Fund managers hit out at favouritism
matthew drummond, John Kehoe, Sally Patten
1 August 2013
The Australian Financial Review

Copyright 2013. Fairfax Media Management Pty Limited.
Two more fund managers have issued a warning on the practice of exclusive briefings, adding to concerns by industry doyen Peter Morgan that they can give institutional investors an unfair advantage.
Hugh Dive, head of listed securities at Philo Capital Advisers which has $4.2 billion in funds under management, said he had personally seen instances of fund managers pushing companies to reveal market-sensitive information. The problem was most apparent at meetings between large fund managers and small listed companies where management was less savvy and smaller slivers of information more useful in trading.

“As a current large-cap portfolio manager and having been both a small-cap portfolio manager and a sell-side analyst, there is a massive difference between the levels of information you can get out of a small-cap company and say Westpac,” he said. “Fund managers are able to throw their weight around much more with small-cap companies.”

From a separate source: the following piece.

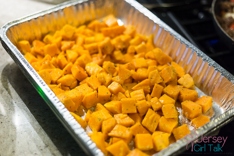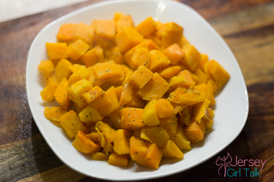 As a potato alternative I made some butternut squash cubes baked in the oven with organic coconut oil, bragg’s nutritional yeast seasonings

Glenn Woolley, a 29-year market veteran and managing director of Intrinsic Investment Management, which manages $800 million in Australian equities, said “mum and dad” shareholders and some professional investors were losing out a result of the favouritism.
“Selective briefings mean unequal access to information,” Mr Woolley said. “If you”re a shareholder, and some of your rival fund mangers are getting information that you”re not receiving, it”s unfair and contrary to the continuous disclosure regime.”
“We get annoyed when we discover as a shareholder that a broker is arranging an exclusive briefing with other shareholders and potential shareholders,” Mr Woolley said. “Why would you turn up to a luncheon or selective briefing unless you could learn some information that is material to the price of the company”s shares?”
But Greg Medcraft, chairman of the Australian Securities and Investments Commission, indicated he was not concerned at price-sensitive information being leaked. “If we hear that price-sensitive information is being given in other meetings, we may have more work to do. But that is not the position today,” he said.

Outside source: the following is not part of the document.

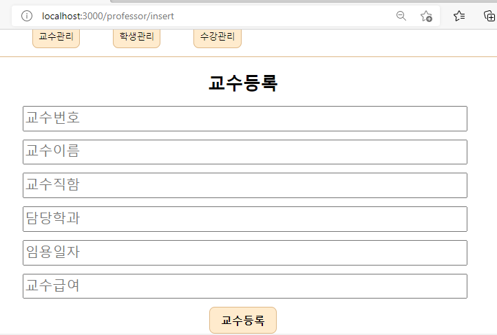 - 교수등록 페이지를 만들고 링크를 걸어보겠다.

Speaking in Brisbane, Mr Medcraft dismissed suggestions that analysts and large investors were given exclusive opportunities to assess online casino the quality of company managers through private meetings. He said individual investors could obtain similar information by attending annual shareholder meetings and reading annual reports.
On Wednesday evening, ASIC commissioner John Price said by and large markets in Australia were fair and efficient. But ASIC”s annual stakeholders” survey, to be released later this year, found some retail investors were concerned about information asymmetries and the leakage of price-sensitive information, he told a meeting of the Australasian Investor Relations Association. He did not respond to

Mr Morgan”s concerns that too much information was seeping out in one-on-one briefings with fund managers and that such meeting should be banned or at least a register kept of who is attending.
One small cap fund manager who did not want to be named said he thought meetings between fund managers and companies should be recorded so regulators could randomly audit what was said.
“This should be randomly audited – especially in light of selling before results or profit warnings. The cost of recording a meeting is negligible as most phones these days can cope with the task,” he said.